What to work on
Transcribe the entries below exactly, starting with the line that has "The bimini top" and stopping after the line that has "والجواب: أن الأمارات"; no pictures belong in the copy.

Data shown

++++++++++++++++++++

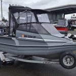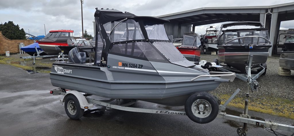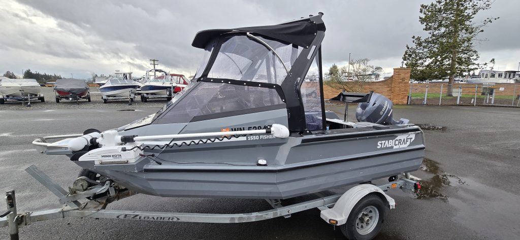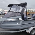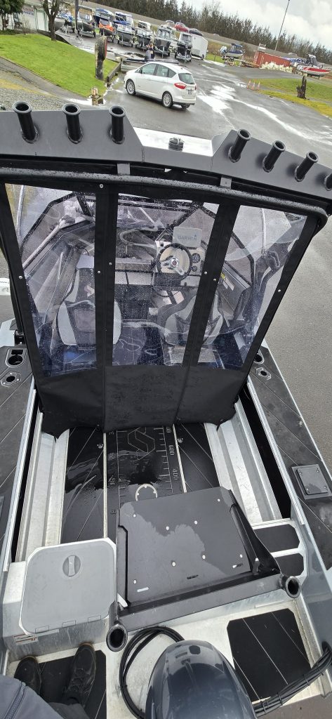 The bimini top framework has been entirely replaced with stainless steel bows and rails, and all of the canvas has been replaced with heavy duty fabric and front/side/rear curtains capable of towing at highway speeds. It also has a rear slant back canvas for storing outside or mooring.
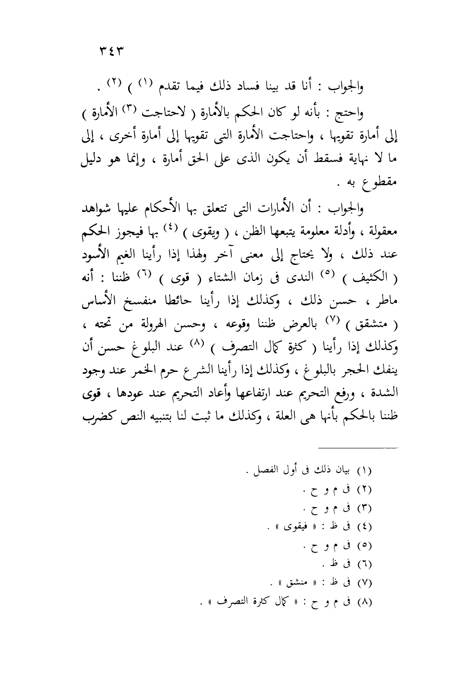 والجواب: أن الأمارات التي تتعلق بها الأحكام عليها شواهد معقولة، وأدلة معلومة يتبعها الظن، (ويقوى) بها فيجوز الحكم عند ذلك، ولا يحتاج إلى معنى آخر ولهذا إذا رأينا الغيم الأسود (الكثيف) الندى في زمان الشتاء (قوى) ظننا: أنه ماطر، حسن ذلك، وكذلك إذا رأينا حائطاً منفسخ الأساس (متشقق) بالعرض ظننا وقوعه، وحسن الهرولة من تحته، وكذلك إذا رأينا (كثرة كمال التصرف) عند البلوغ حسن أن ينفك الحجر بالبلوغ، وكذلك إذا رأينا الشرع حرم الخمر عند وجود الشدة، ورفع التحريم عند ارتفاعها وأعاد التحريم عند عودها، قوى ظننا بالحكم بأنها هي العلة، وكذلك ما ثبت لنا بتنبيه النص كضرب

++++++++++++++++++++

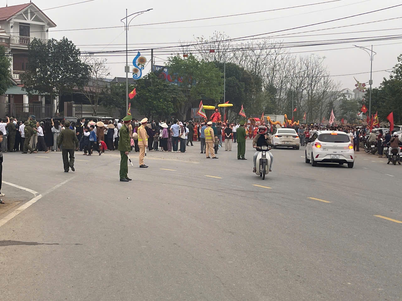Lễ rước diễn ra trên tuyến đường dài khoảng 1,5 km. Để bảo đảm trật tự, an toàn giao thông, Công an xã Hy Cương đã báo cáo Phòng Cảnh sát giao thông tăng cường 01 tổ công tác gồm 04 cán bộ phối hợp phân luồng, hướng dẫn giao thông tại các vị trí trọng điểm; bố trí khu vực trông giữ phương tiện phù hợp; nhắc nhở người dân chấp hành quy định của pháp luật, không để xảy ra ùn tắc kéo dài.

++++++++++++++++++++

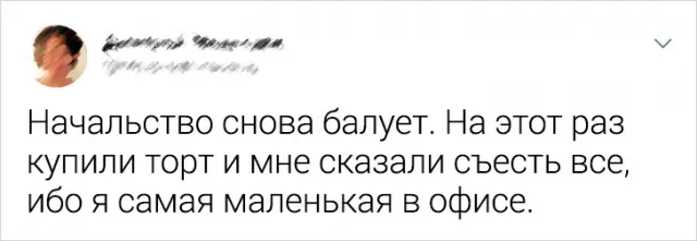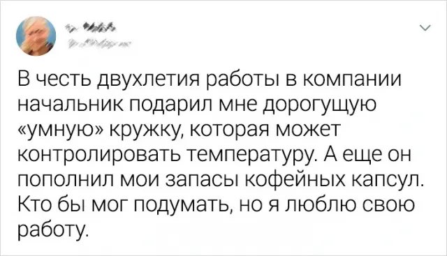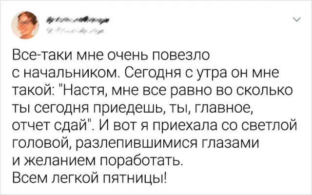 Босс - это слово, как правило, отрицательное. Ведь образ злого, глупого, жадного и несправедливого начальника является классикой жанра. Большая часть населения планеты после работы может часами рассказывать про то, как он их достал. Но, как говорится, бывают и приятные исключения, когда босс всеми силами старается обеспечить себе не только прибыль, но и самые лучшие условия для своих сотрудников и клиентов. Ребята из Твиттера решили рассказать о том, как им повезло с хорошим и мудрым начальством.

++++++++++++++++++++

Task output
 The bimini top framework has been entirely replaced with stainless steel bows and rails, and all of the canvas has been replaced with heavy duty fabric and front/side/rear curtains capable of towing at highway speeds. It also has a rear slant back canvas for storing outside or mooring.
 والجواب: أن الأمارات التي تتعلق بها الأحكام عليها شواهد معقولة، وأدلة معلومة يتبعها الظن، (ويقوى) بها فيجوز الحكم عند ذلك، ولا يحتاج إلى معنى آخر ولهذا إذا رأينا الغيم الأسود (الكثيف) الندى في زمان الشتاء (قوى) ظننا: أنه ماطر، حسن ذلك، وكذلك إذا رأينا حائطاً منفسخ الأساس (متشقق) بالعرض ظننا وقوعه، وحسن الهرولة من تحته، وكذلك إذا رأينا (كثرة كمال التصرف) عند البلوغ حسن أن ينفك الحجر بالبلوغ، وكذلك إذا رأينا الشرع حرم الخمر عند وجود الشدة، ورفع التحريم عند ارتفاعها وأعاد التحريم عند عودها، قوى ظننا بالحكم بأنها هي العلة، وكذلك ما ثبت لنا بتنبيه النص كضرب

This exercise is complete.